Diggers' life at the goldfields was continual hard labour: dust, mud and backbreaking toil. Many miners had been manual labourers who were chasing dreams of independence from the drudgery of waged work. Most were itinerant, moving between gold diggings, following rumours of riches further afield. Mining claims were small (eight by eight feet or twelve by twelve feet) and the typical digger might work as many as ten different claims in four years. Therefore mining methods needed to be cheap and portable.

The early years of the Victorian goldrushes, from 1851 until the end of the decade, was the era of small, unmechanised alluvial mines that relied on muscle-power and physical endurance. Diggers arrived at the goldfields with little mining experience. By watching other miners and veterans from the Californian rushes they learnt the techniques of panning, ground sluicing, cradling, puddling and digging shafts. All these methods involved human labour and water to free gold from clay and soil. They relied on the principle that gold particles were heavier than sand and gravel.

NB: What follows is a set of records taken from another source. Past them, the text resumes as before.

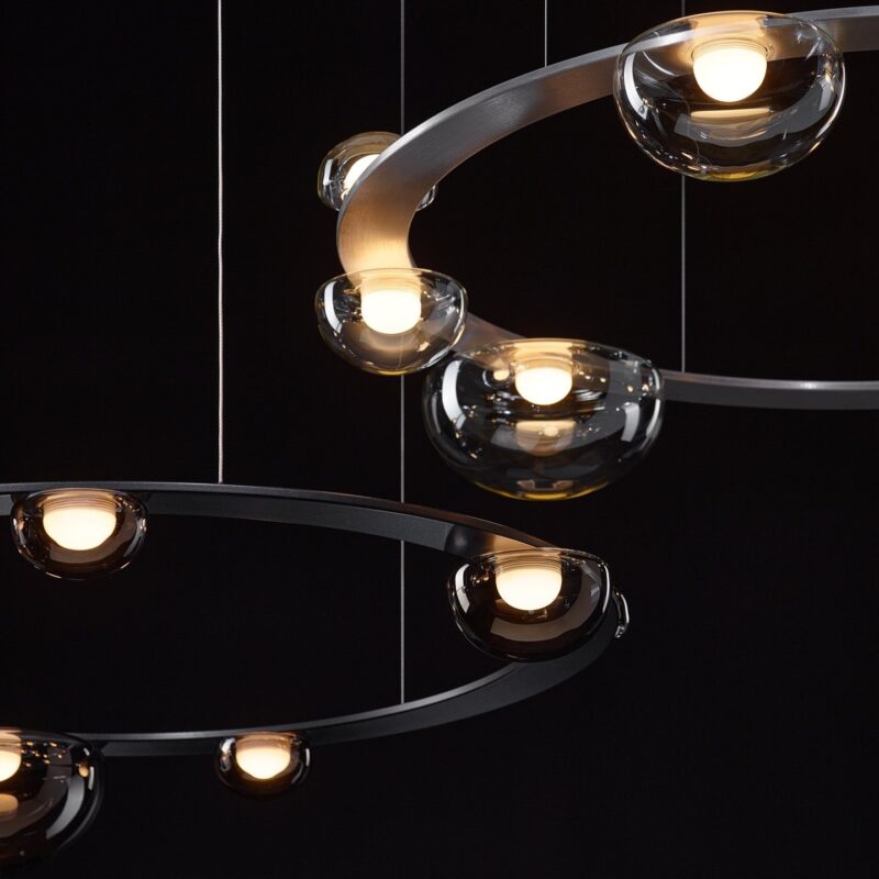 more monumental, spatial form: a ring that can be suspended above a dining table, kitchen island, or lobby area to create a striking, elegant lighting accent.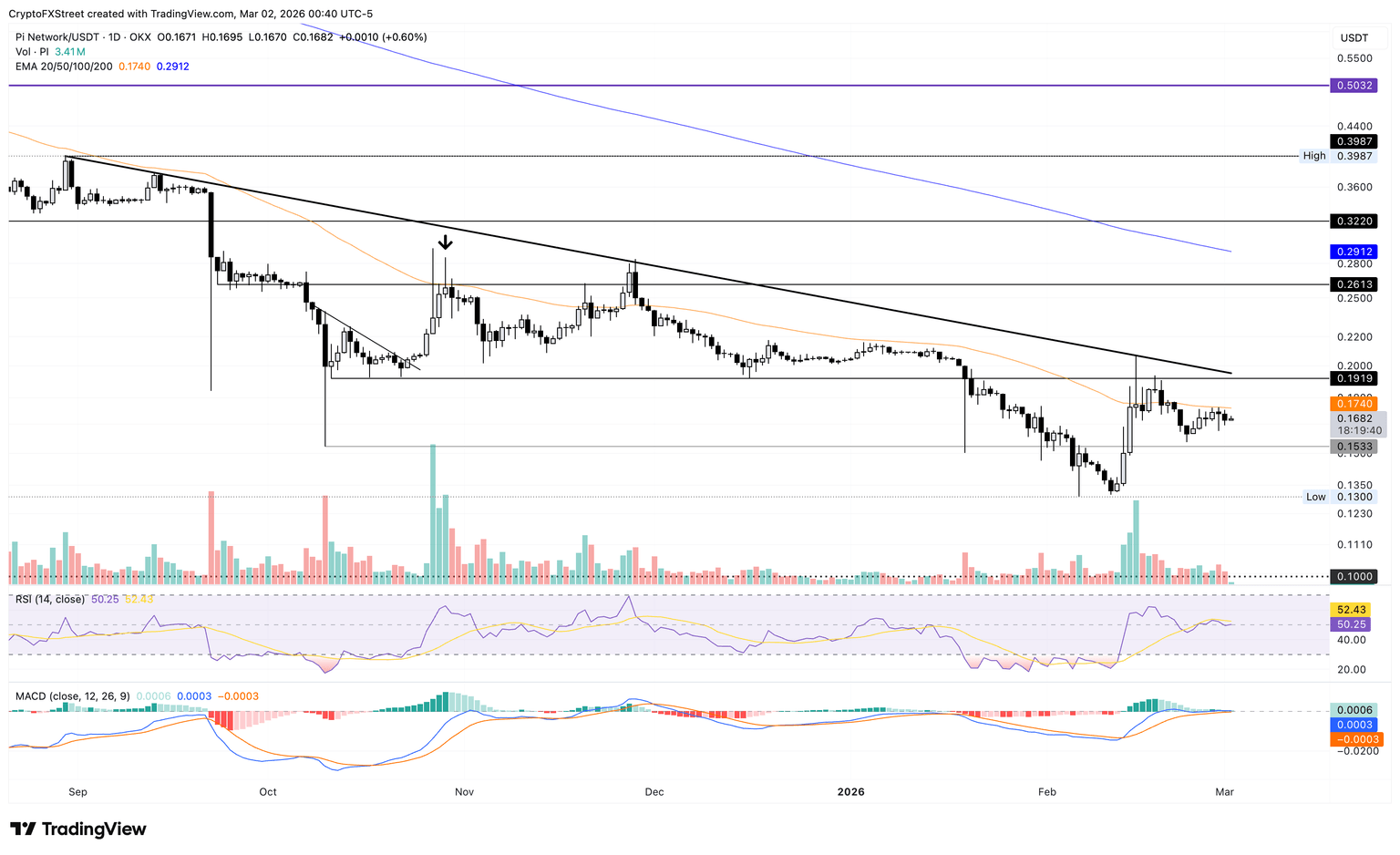 - Pi Network se mantiene por debajo de la marca de 0.1700$ el lunes tras una caída del 2% el día anterior desde la EMA de 50 días.
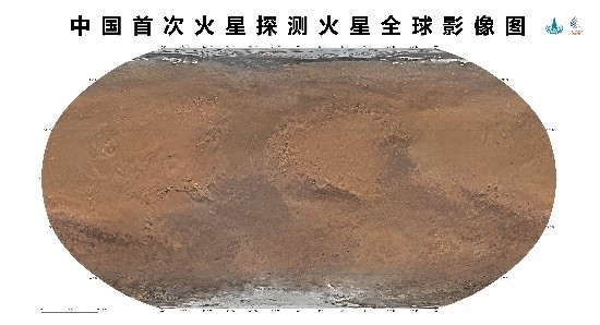 天問一號任務(wù)環(huán)繞器中分辨率相機(jī),于2021年11月至2022年7月歷時8個月,實(shí)施了284軌次遙感成像,對火星表面實(shí)現(xiàn)了全球覆蓋。地面應(yīng)用系統(tǒng)對獲取的14757幅影像數(shù)據(jù)進(jìn)行處理后得到火星全球彩色影像圖。

Alluvial mining techniques were destructive to the environment, leaving topsoil stripped, ground pockmarked with mullock heaps and shafts, river banks and beds destroyed and timber clear-felled.

A diggers' toolkit included a wide tin pan, pick axes, spades, shovels, a wheelbarrow, felling axes, trowels, iron wedges, crowbars, metal buckets and a cradle. Miners purchased these tools from store keepers or exhausted diggers leaving the goldfields.

Miners worked in informal bands of three to six people. They pooled equipment and profits and shared domestic tasks such as cooking. Diggers lived in tents pitched on their claim or on nearby spare land. Large tent settlements arose near the goldfields. Hotels and stores advertised their locations with banners or flags.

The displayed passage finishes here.